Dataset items
^^^^

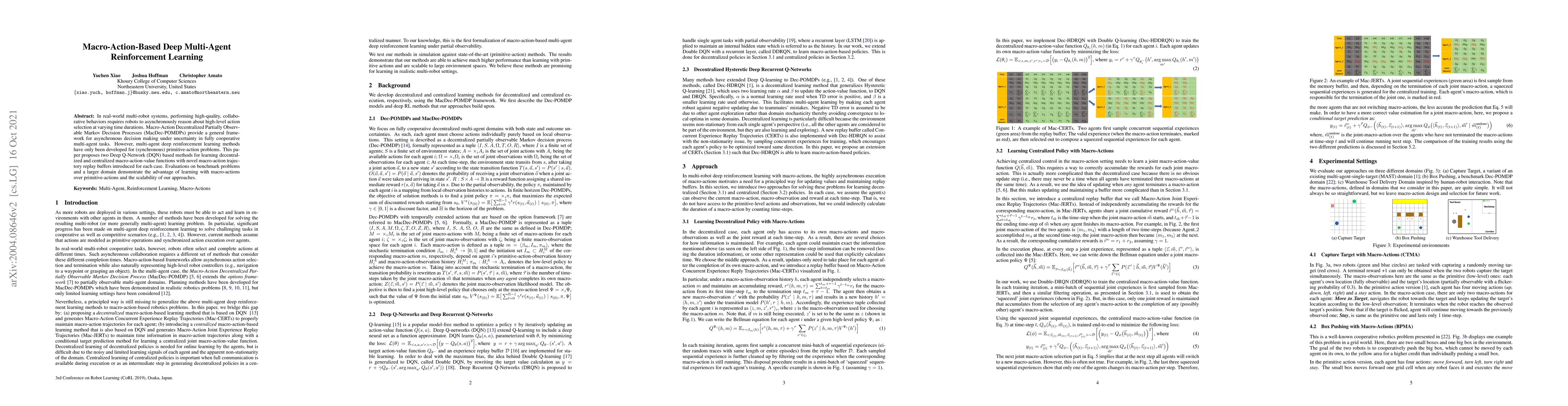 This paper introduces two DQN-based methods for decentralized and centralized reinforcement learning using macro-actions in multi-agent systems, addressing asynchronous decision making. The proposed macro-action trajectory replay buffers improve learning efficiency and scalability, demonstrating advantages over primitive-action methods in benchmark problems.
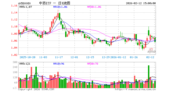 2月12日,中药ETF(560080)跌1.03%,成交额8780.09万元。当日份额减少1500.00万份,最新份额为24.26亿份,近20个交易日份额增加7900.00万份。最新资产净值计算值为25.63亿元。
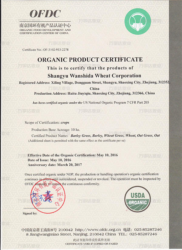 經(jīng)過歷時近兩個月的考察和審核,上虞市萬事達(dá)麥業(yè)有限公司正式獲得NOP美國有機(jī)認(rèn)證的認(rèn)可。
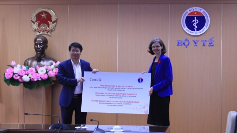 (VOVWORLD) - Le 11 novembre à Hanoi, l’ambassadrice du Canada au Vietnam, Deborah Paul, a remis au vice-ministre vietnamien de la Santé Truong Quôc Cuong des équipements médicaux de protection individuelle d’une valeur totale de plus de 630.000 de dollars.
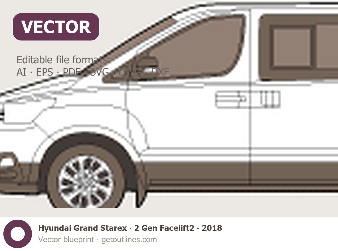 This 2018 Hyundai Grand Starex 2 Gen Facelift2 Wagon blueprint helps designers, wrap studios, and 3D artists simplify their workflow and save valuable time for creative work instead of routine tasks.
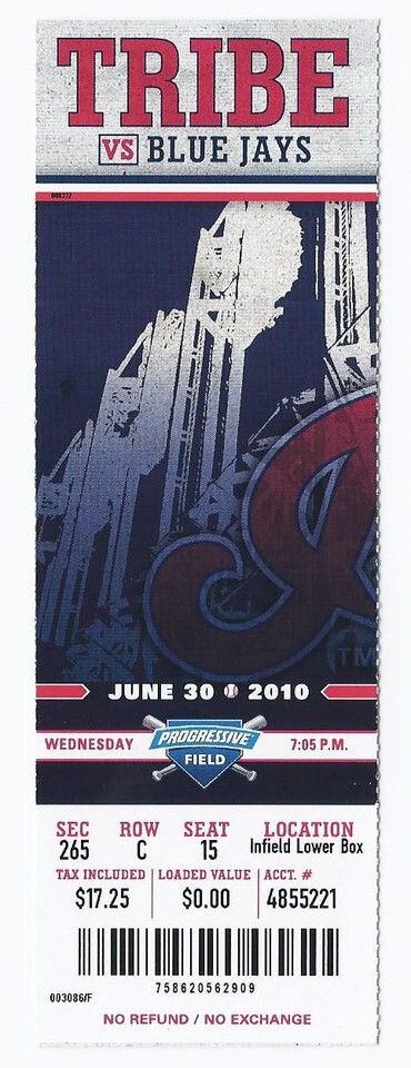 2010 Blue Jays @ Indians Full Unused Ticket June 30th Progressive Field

^^^^

* [WORK INSTRUCTION]: Could you write out all the records exactly, without the pictures?

* [EXPECTED ANSWER]:
 This paper introduces two DQN-based methods for decentralized and centralized reinforcement learning using macro-actions in multi-agent systems, addressing asynchronous decision making. The proposed macro-action trajectory replay buffers improve learning efficiency and scalability, demonstrating advantages over primitive-action methods in benchmark problems.
 2月12日,中药ETF(560080)跌1.03%,成交额8780.09万元。当日份额减少1500.00万份,最新份额为24.26亿份,近20个交易日份额增加7900.00万份。最新资产净值计算值为25.63亿元。
 經(jīng)過歷時近兩個月的考察和審核,上虞市萬事達(dá)麥業(yè)有限公司正式獲得NOP美國有機(jī)認(rèn)證的認(rèn)可。
 (VOVWORLD) - Le 11 novembre à Hanoi, l’ambassadrice du Canada au Vietnam, Deborah Paul, a remis au vice-ministre vietnamien de la Santé Truong Quôc Cuong des équipements médicaux de protection individuelle d’une valeur totale de plus de 630.000 de dollars.
 This 2018 Hyundai Grand Starex 2 Gen Facelift2 Wagon blueprint helps designers, wrap studios, and 3D artists simplify their workflow and save valuable time for creative work instead of routine tasks.
 2010 Blue Jays @ Indians Full Unused Ticket June 30th Progressive Field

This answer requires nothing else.